Psychologist logo

The positives of boarding schools

Mallory Wober responds to recent coverage.

10 November 2017

A letter from Nick Duffell (April 2016) portrayed boarding school as a dangerous experience – almost a war zone in its effects on pupils, some (or all?) of whom were termed ‘boarding school survivors’. In June 2016 a letter answered Duffell’s cry that ‘we need more evidence-based research …to develop this field’ pointing out that Martin et al. had indeed not long before (2014) published a large study on this topic, based in Australia. They found that ‘Boarding students were significantly higher on … eight measures including … sense of meaning (and) …life satisfaction…’. This positive perspective echoed an earlier and not insubstantial study of mine whose fieldwork took place in 1967 in the UK (Wober, 1971).

Now a new book by Martin Stibbe (Home at Last) has been reviewed in The Psychologist (September 2017) by Nick Duffell, whose own new book is also reviewed on a facing page illustrated by what seems an old photograph showing girl pupils (presumably at a boarding school) cheerfully laughing during a meal.

Three points on this arcane area should be recognised. First, to talk of ‘boarding school survival’ is misleading, perhaps even immoral – a survivor is one who lives on when others have died (consider wars, natural disasters, Grenfell Tower) and whose ultimate suffering is derogated by this overarching term. The books by Stibbe and Duffell evidently reflect a clinical perspective, working with some ex-pupils who have certainly experienced trauma and stress disorders; they have, as have others who did not present for treatment, all been survivors.

Second, Martin et al.’s study was an empirical social psychological study, as was my own. This included a pioneering measure of ‘enjoy being at school’ (p.93 with a chapter developing the connections between this individual and other societal measures); and an equally innovative measure asking pupils to judge how ‘being at school [has] affected your relationship with your family’ (p.222 also substantiating a whole chapter). Here, among 1393 girls in 20 schools it emerged that ‘77 per cent…[took] the view that boarding affects family relationships beneficially’ (p.224). Again, this personal estimation was shown as connected with a variety of other personal, family and school institutional measures.

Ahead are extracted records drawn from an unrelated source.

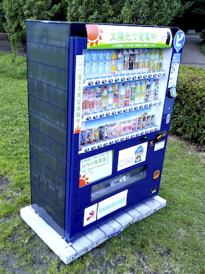 サントリーとPXPは、軽量で曲げられるカルコパイライト太陽電池を自動販売機に設置する実証実験を開始する。
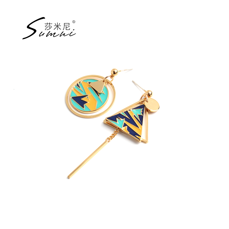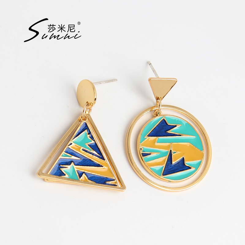 sumni Shamini European and American style exaggerated asymmetric art design enamel drop glaze geometric earrings earrings women
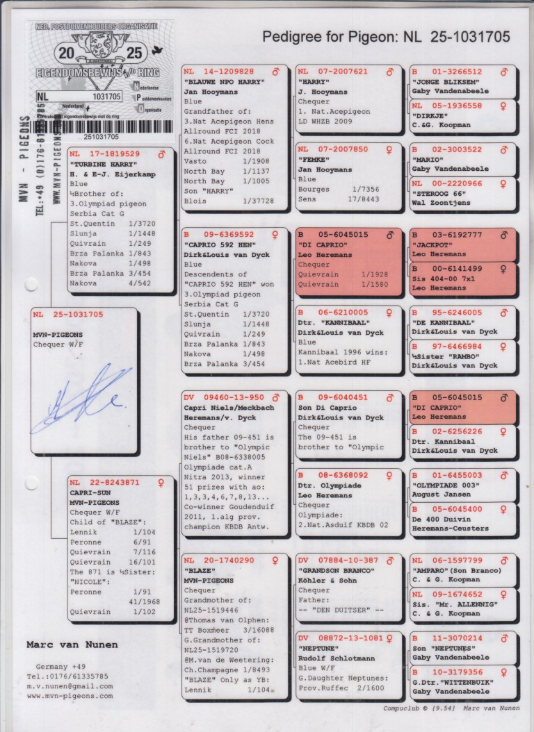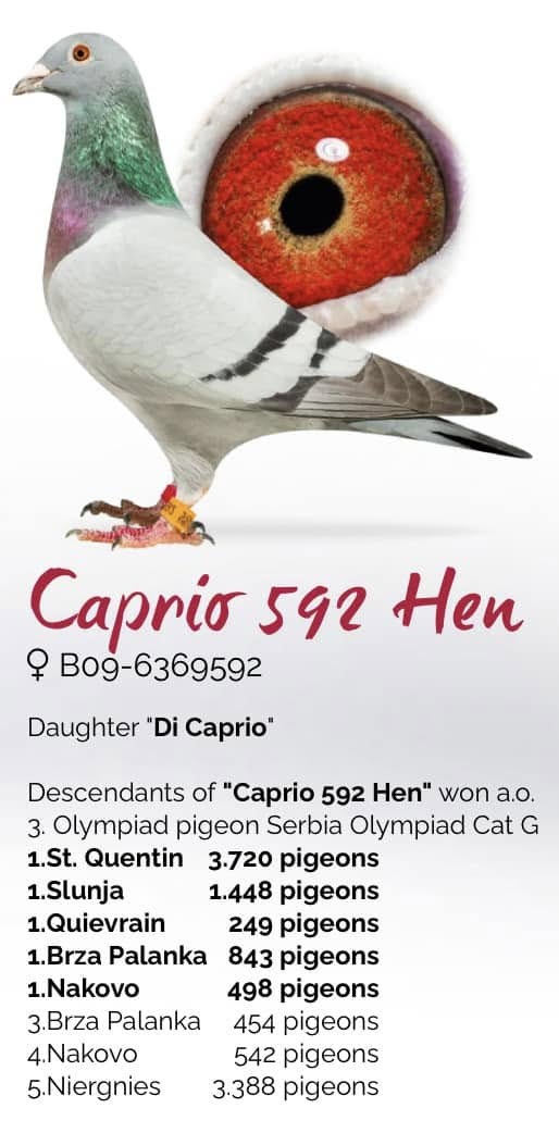 Grootmoeder: BE09-6369592. ‘Caprio 592 duivin’, Dirk & Louis Van Dyck
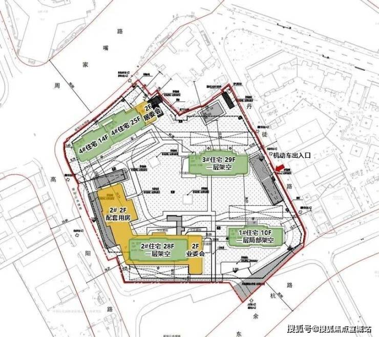 3号楼为29F高层住宅,4号楼分别为14F高层住宅、一层人才房;
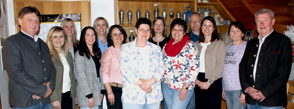 Vorne von links: 2. Bürgermeister Andreas Altmann, Manuela Flierl, Sabrina Meier, Claudia Neidl, 2. Vorsitzende Simone Schönberger, 1. Vorsitzende Anita Graf, Kassierin Carina Pröls, Anita Polleti und stellvertretenden Kreisverbandsvorsitzenden Gerhard Lenhart
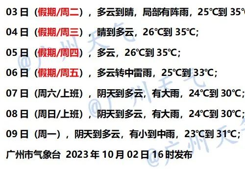 10月4日,大部分市县晴到多云,局部有(雷)阵雨。最高气温:大部分市县32℃~34℃,部分市县35℃~36℃。
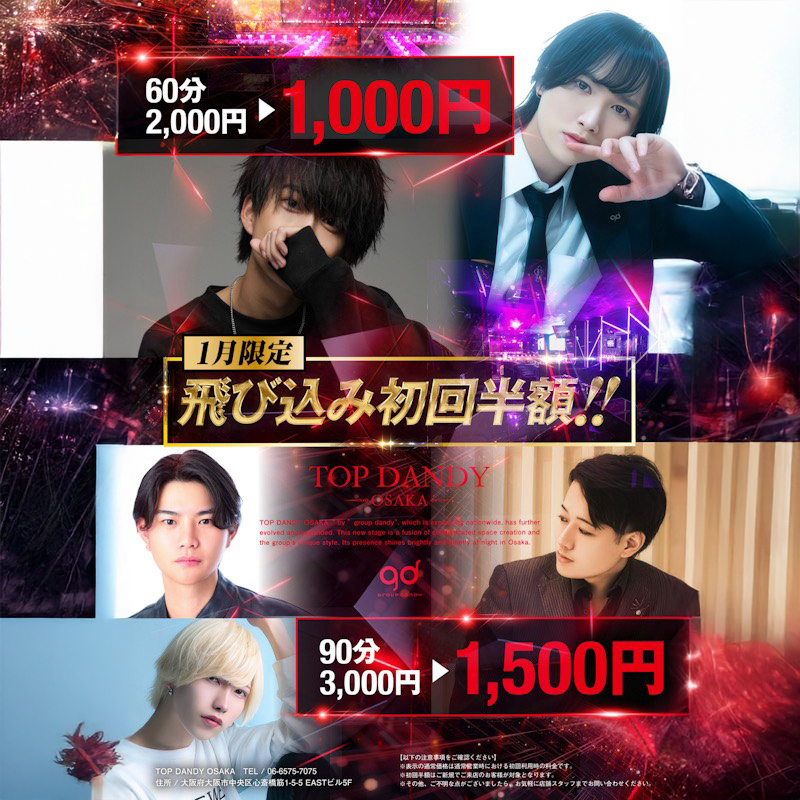 『TOP DANDY OSAKA』さんより初回半額のお知らせ!!
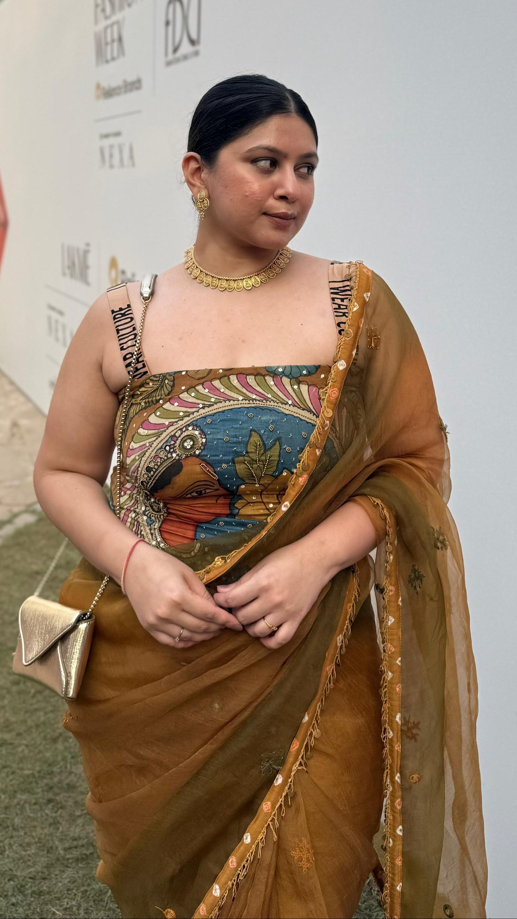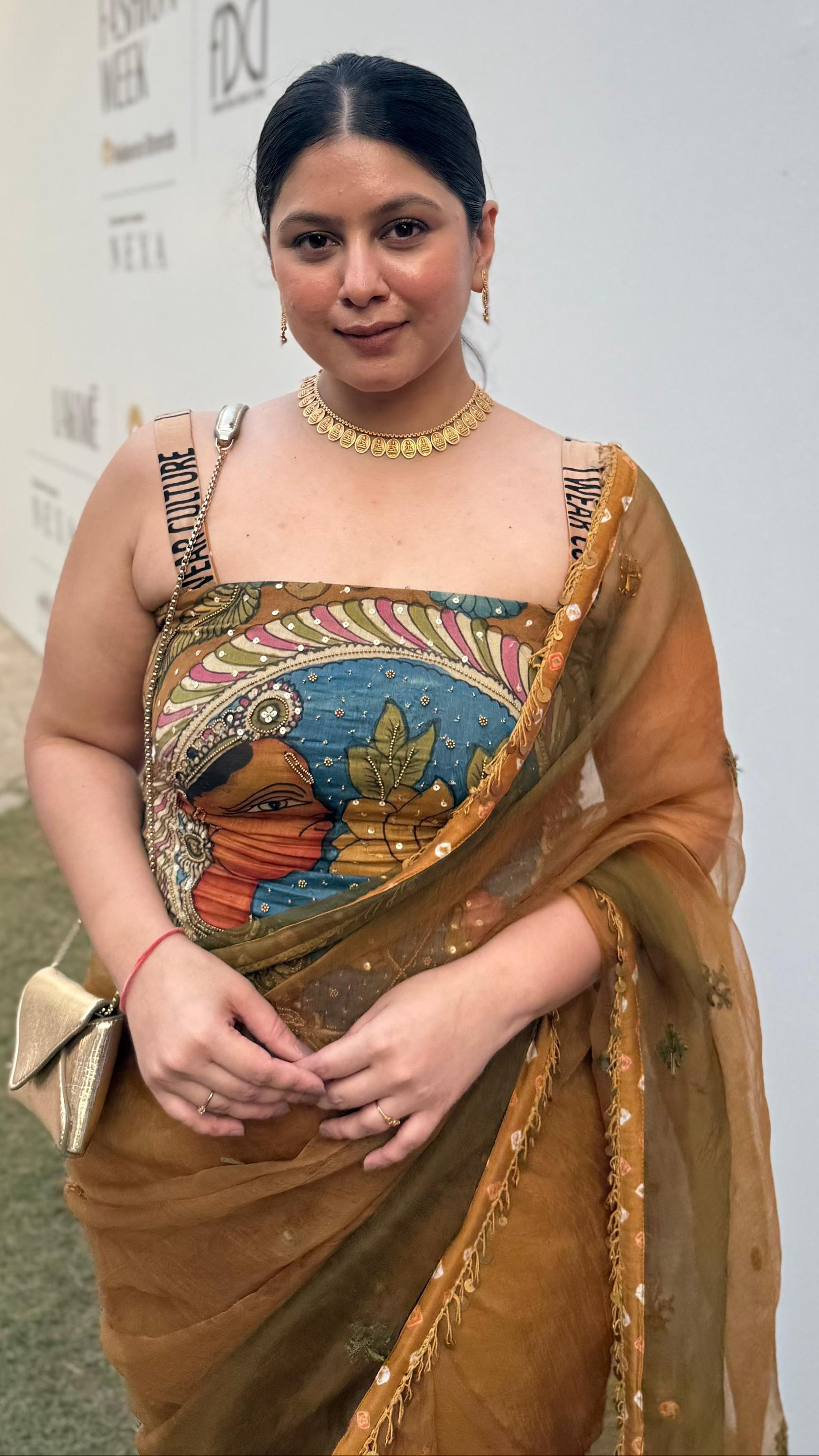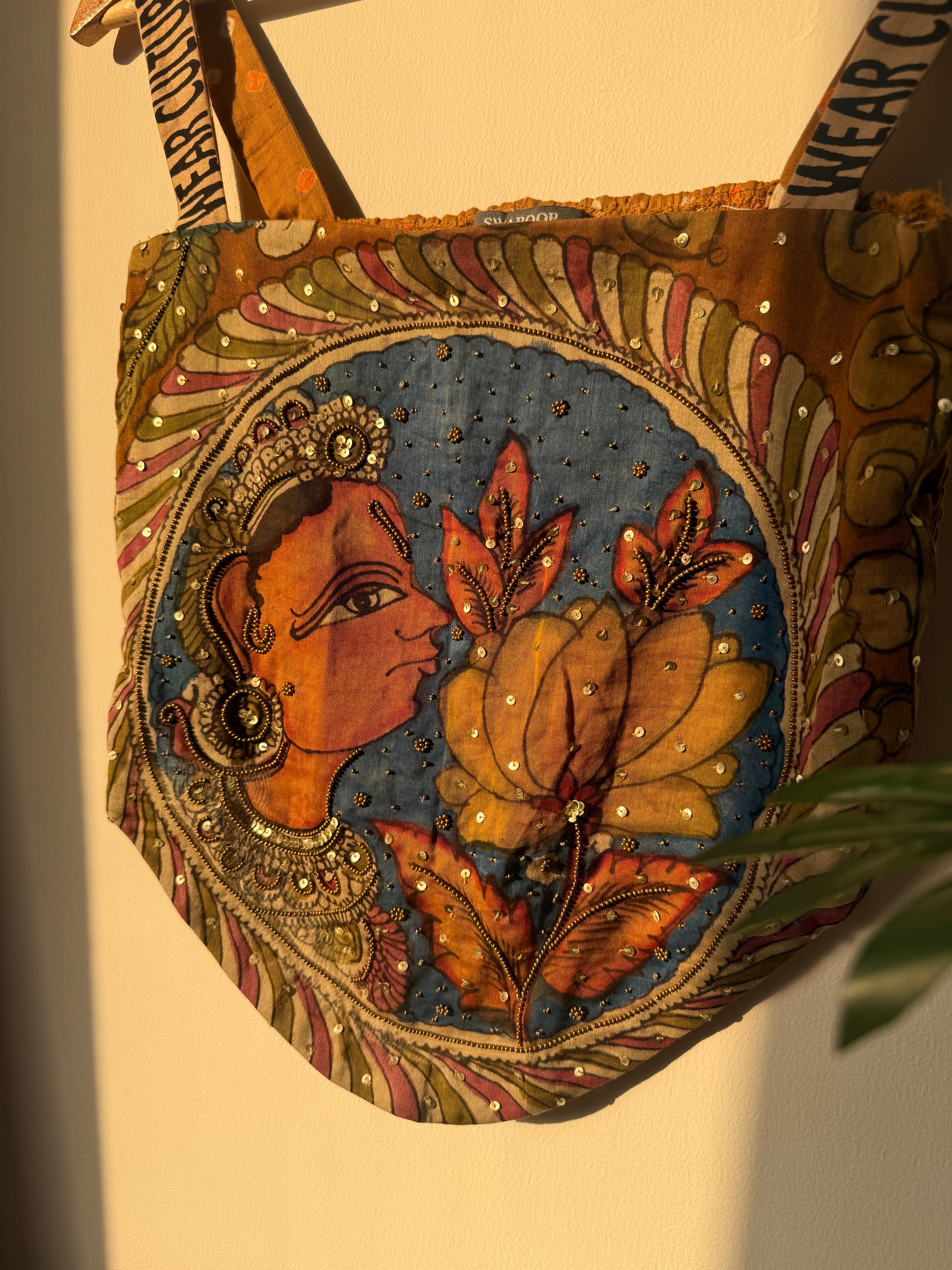 The Swaroop Exclusive Buddha top is crafted from hand-painted Kalamkari fabric created by skilled artisans, celebrating the essence of Indian craftsmanship. The intricate embroidery enhances the beauty of the traditional motifs, adding depth and texture to the design.
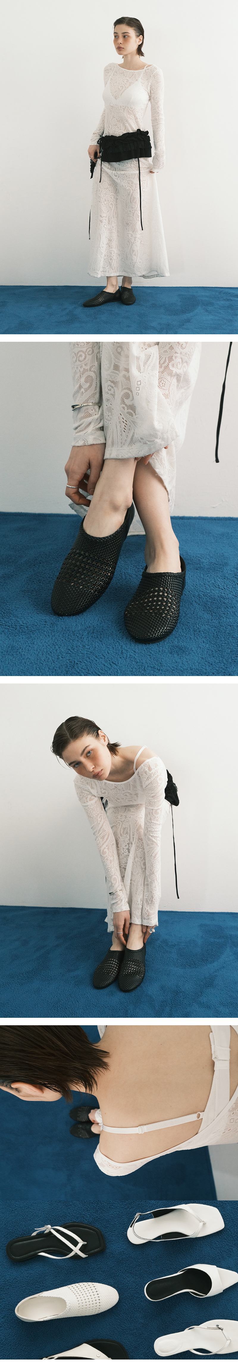 여름을 담은 위빙소재의 로퍼. 뒷축을 접어 신을 수 있는 2way 스타일입니다.

Third, my study examined boarding in developed Western countries as part of a phenomenon related to teen-aged ‘extrusion’ systems among many non-Western countries, reported by social anthropologists. The opposition to boarding in the UK in recent decades (dramatised in Lindsay Anderson’s film if…) is political, opposing a mechanism for perpetuating privilege; but local authority maintained boarding schools for children with particular needs also exist and the two – that is fee-paying and boarding, though they do overlap considerably – should not be taken as a single category.     

Mallory Wober
London NW3

Reference
Wober, M. (1971). English girls’ boarding schools. London: Allen Lane.